• _WHAT IS NEEDED_:
Please keep the images out and set down the data exactly as given.

• _INPUT DATA_:

-------------------------

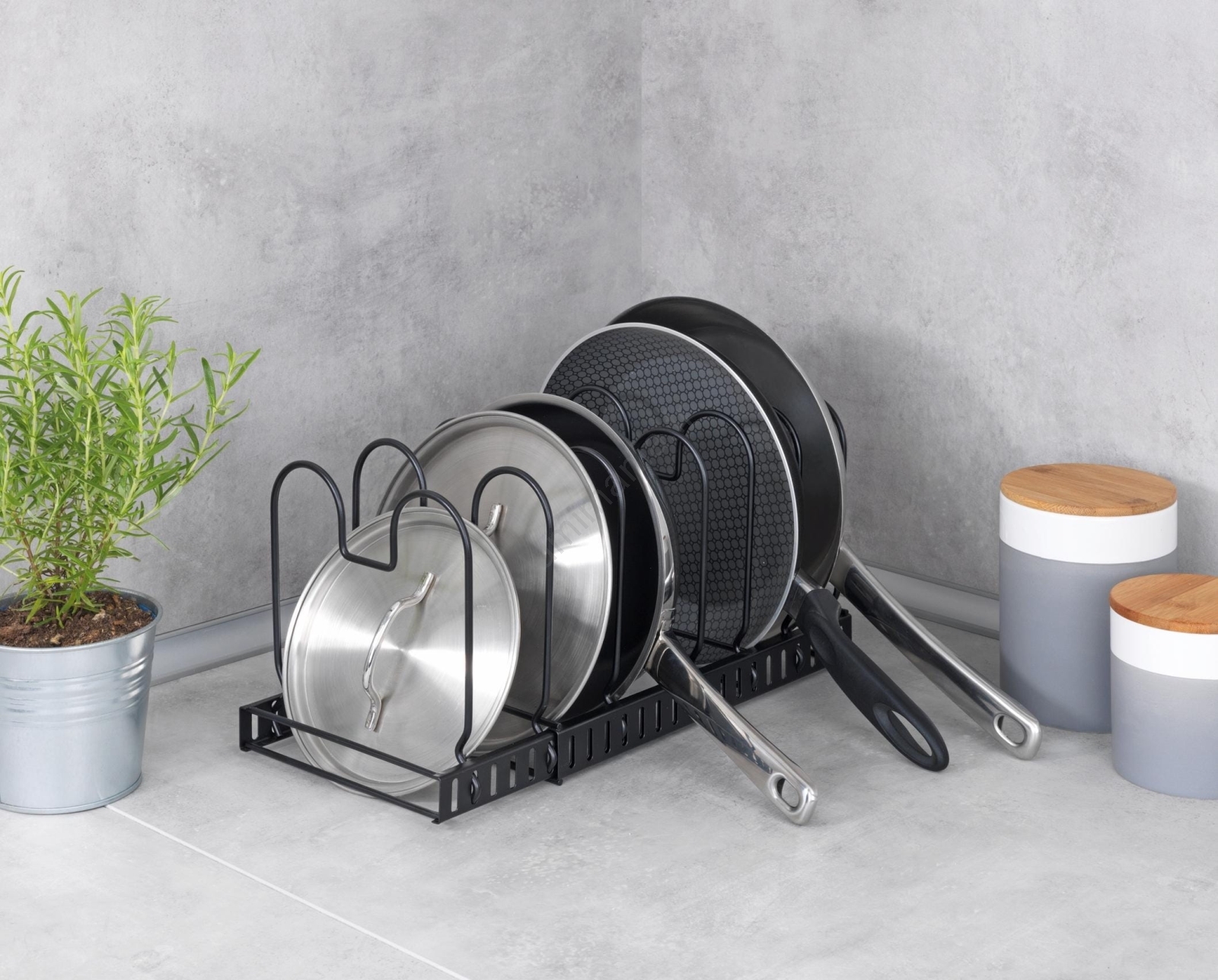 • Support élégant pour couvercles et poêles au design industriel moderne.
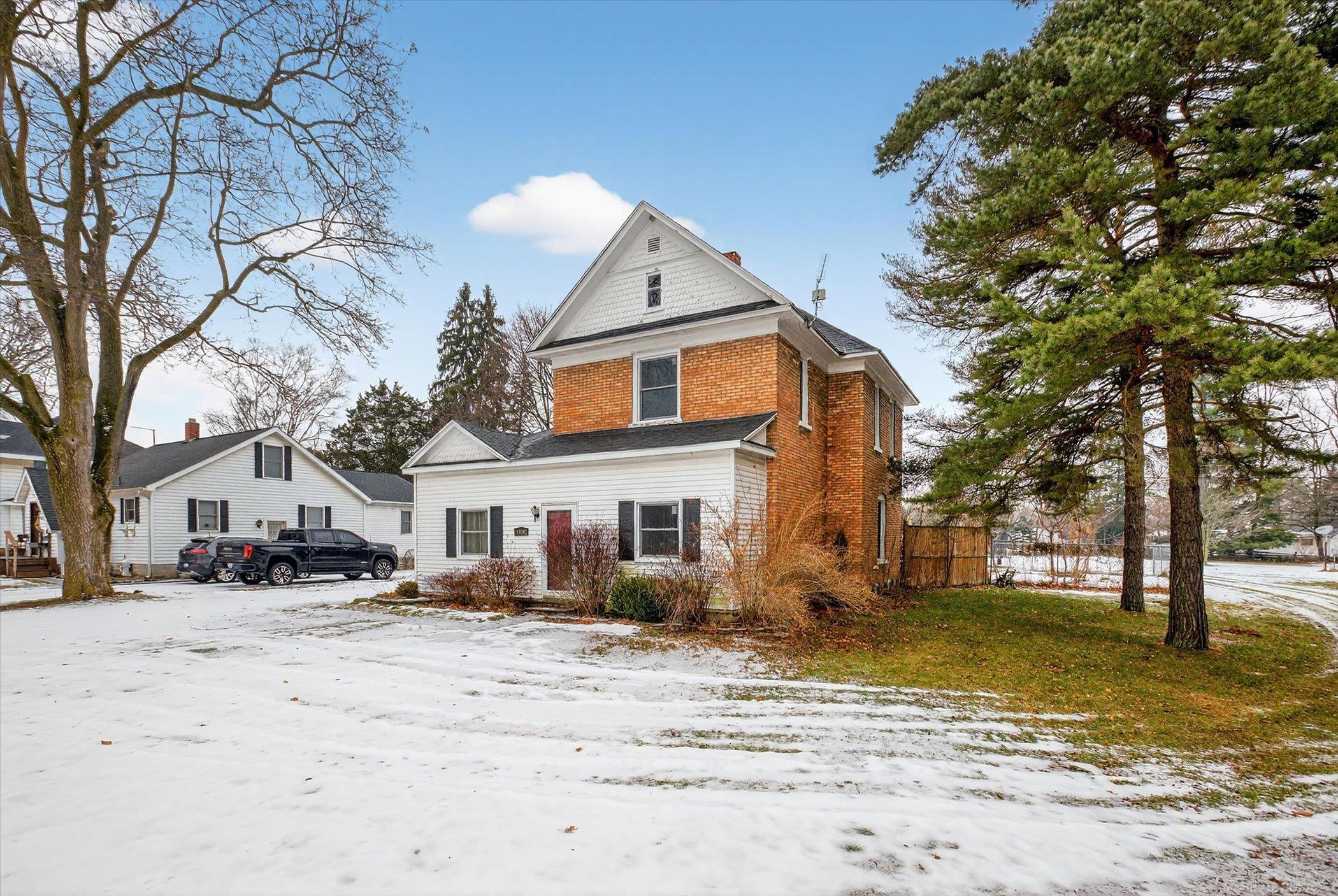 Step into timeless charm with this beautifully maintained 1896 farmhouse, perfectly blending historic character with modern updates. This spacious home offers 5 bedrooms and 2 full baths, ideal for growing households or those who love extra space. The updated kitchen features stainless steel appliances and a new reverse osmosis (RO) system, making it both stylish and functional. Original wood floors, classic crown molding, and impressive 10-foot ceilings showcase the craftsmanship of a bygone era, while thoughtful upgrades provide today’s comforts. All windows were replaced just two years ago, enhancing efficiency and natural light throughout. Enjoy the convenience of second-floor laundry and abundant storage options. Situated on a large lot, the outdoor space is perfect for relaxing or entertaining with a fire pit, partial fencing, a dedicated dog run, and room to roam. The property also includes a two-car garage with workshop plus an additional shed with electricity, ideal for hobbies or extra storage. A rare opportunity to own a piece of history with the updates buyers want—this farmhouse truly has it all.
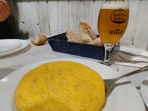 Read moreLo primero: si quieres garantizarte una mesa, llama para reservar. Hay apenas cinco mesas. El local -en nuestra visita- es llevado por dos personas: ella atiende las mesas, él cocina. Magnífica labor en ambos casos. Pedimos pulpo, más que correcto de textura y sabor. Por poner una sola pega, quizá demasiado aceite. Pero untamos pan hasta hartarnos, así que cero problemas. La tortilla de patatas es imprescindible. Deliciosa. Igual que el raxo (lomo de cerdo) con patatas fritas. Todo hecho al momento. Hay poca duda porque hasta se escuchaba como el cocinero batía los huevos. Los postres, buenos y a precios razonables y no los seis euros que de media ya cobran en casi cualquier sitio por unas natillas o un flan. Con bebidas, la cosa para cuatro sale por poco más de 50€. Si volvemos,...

-------------------------

• _EXPECTED OUTPUT_:
 • Support élégant pour couvercles et poêles au design industriel moderne.
 Step into timeless charm with this beautifully maintained 1896 farmhouse, perfectly blending historic character with modern updates. This spacious home offers 5 bedrooms and 2 full baths, ideal for growing households or those who love extra space. The updated kitchen features stainless steel appliances and a new reverse osmosis (RO) system, making it both stylish and functional. Original wood floors, classic crown molding, and impressive 10-foot ceilings showcase the craftsmanship of a bygone era, while thoughtful upgrades provide today’s comforts. All windows were replaced just two years ago, enhancing efficiency and natural light throughout. Enjoy the convenience of second-floor laundry and abundant storage options. Situated on a large lot, the outdoor space is perfect for relaxing or entertaining with a fire pit, partial fencing, a dedicated dog run, and room to roam. The property also includes a two-car garage with workshop plus an additional shed with electricity, ideal for hobbies or extra storage. A rare opportunity to own a piece of history with the updates buyers want—this farmhouse truly has it all.
 Read moreLo primero: si quieres garantizarte una mesa, llama para reservar. Hay apenas cinco mesas. El local -en nuestra visita- es llevado por dos personas: ella atiende las mesas, él cocina. Magnífica labor en ambos casos. Pedimos pulpo, más que correcto de textura y sabor. Por poner una sola pega, quizá demasiado aceite. Pero untamos pan hasta hartarnos, así que cero problemas. La tortilla de patatas es imprescindible. Deliciosa. Igual que el raxo (lomo de cerdo) con patatas fritas. Todo hecho al momento. Hay poca duda porque hasta se escuchaba como el cocinero batía los huevos. Los postres, buenos y a precios razonables y no los seis euros que de media ya cobran en casi cualquier sitio por unas natillas o un flan. Con bebidas, la cosa para cuatro sale por poco más de 50€. Si volvemos,...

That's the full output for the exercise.